Tailor your portfolio:For a full-time role, we’d expect to see some solid examples of your work in your portfolio. Make sure to include at least two or three projects that highlight your problem-solving skills and your ability to work with different technologies. Focus on the projects that are most relevant to the position at Hudl.

Craft a killer cover letter:Your cover letter is your chance to stand out—make it personal! Explain why you want to work at Hudl and how your skills align with the role. Show us your passion for software development. We dig enthusiastic candidates who understand the value of collaboration and continuous learning!

Be clear and concise:When it comes to writing your CV and cover letter, clarity is key.
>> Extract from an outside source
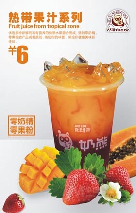 奶熊所有果飲均采用鮮果進(jìn)行調(diào)制。

Avoid jargon that could confuse us and stick to simple, direct language. Highlight your achievements with quantifiable results where possible, and keep everything easy to read. A well-organised application goes a long way!

How to prepare for a job interview at Hudl

Brush Up on Your Coding Skills

For a full-time software engineering role, it's crucial that we stay sharp with our coding abilities. Expect technical questions that might involve solving problems on the spot or discussing algorithms. Practise on platforms like LeetCode or HackerRank to get comfortable with the types of questions that often come up.

Know Your Tools and Frameworks

Make sure we’re well-acquainted with the tools and technologies listed in the job description. Familiarise ourselves with any specific frameworks or programming languages mentioned. If Hudl uses React or Node.js, for instance, be ready to discuss how we’ve used them in previous projects or coursework.

Showcase Your Projects

Bring along a portfolio that highlights our best work. This could be code samples, GitHub repositories, or any side projects we’ve built. Make sure we can talk through our thought process for each project, especially the challenges we faced and how we solved them—this shows our problem-solving skills in action.

Prepare for Behavioural Questions

While technical skills are key, full-time positions also require cultural fit. Be ready to discuss our previous experiences and how we handle teamwork, conflict, and deadlines. Brush up on the STAR method—Situation, Task, Action, Result—to clearly articulate our past experiences when discussing how we've contributed to a team.